Crossings
Page 28
A sudden burning sensation floods over my chest and right shoulder. I feel my heart pounding and pulse quickening. Sweat beads on my forehead and then drips in my eyes. I signal a halt and crouch low to the ground. There’s a painful swelling over the front of my deltoid. It will not budge. I tell myself to disregard it and keep pushing forward.
I struggle to move the team toward the downed aircraft. My mind races forward one hundred yards. I keep the team on target with the shooters on the flanks. I smell aviation fuel and the chemical smoke of an aircraft fire. I see the burning Apache.
Sweat flows from my neck and forehead. Suddenly my footing is off-center. My balance tilts and I can’t adjust. I fall forward, striking my shoulder on a rock. My right shoulder erupts with burning, ripping pain. I imagine the pain that a tracer round causes when it hits human flesh. The pain disappears. I feel feverishly hot. Pain stabs my shoulder again. I tell myself I’m hit, but I hear no crack of enemy fire. I hear nothing at all. My arm is still moving. The pain fades but then flares up quickly and tears at my shoulder. I hesitate. I am lost in confusion. I recover from the fall and holster my pistol after wiping mud from the grip. I recheck the medics. They follow haphazardly. I yell, “Don’t bunch up. Keep moving.” One of the medics fades in and out of view, trudging forward, then dissolving backward. The other medics are advancing at a crawl. I feel my skin tighten. My heart beats so loudly I focus on its rhythm.

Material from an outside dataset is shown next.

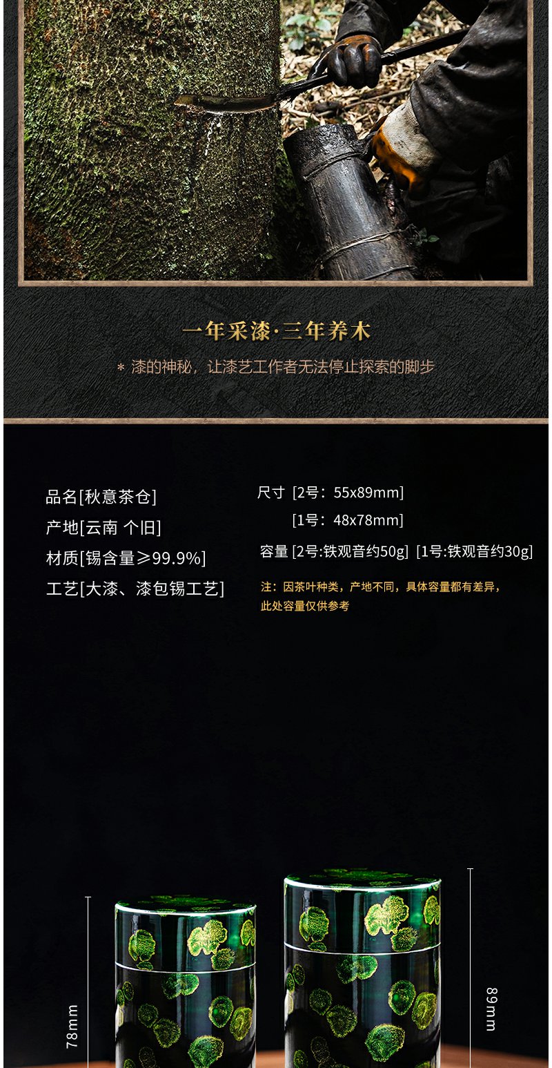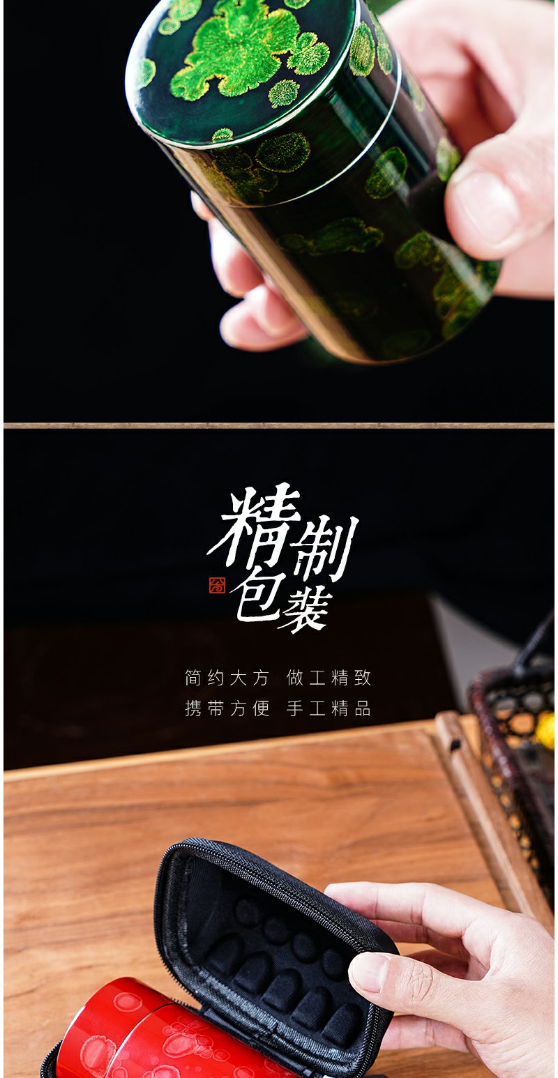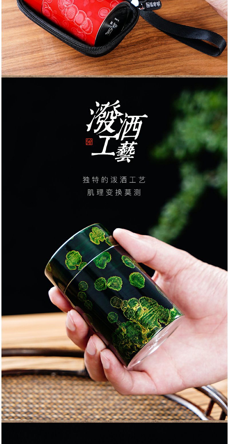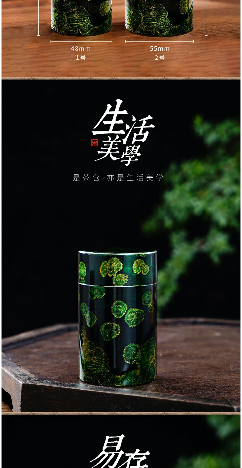 斑锡龙大漆锡罐茶叶罐便携小号秋意茶仓翡翠绿随身外出旅行装

I advance so quickly that I outpace my team. I halt and wait. The medics are moving too slowly. My right shoulder spasms in pain. I cannot move. I signal the medics to advance to my position. They finally reach me in what seems like hours instead of seconds.
“What the hell is going on?” No answer. “Somebody answer me.” I clip my speech. “Let’s do this mission. Move.”
The shooters are on the flanks, two on the left and two on the right, medics in the middle. I take point. Docs never take point. I take point. We advance once again. My mind runs a checklist. I advance another twenty-five yards. The team is on target. Walk in the park. Stop!
Seventy-five yards at my ten o’clock, I see movement. I signal my team to halt and take cover. Eight Iraqi insurgents come into view and are moving directly toward the downed aircrew. They have a grenade launcher. The Apache flying cover is not engaging. It doesn’t matter. I am in position. I need to engage the enemy before they get to the aircraft. They are moving fast, almost at a run. They have not seen me. I have tactical advantage. I signal for my shooters to fire on my command.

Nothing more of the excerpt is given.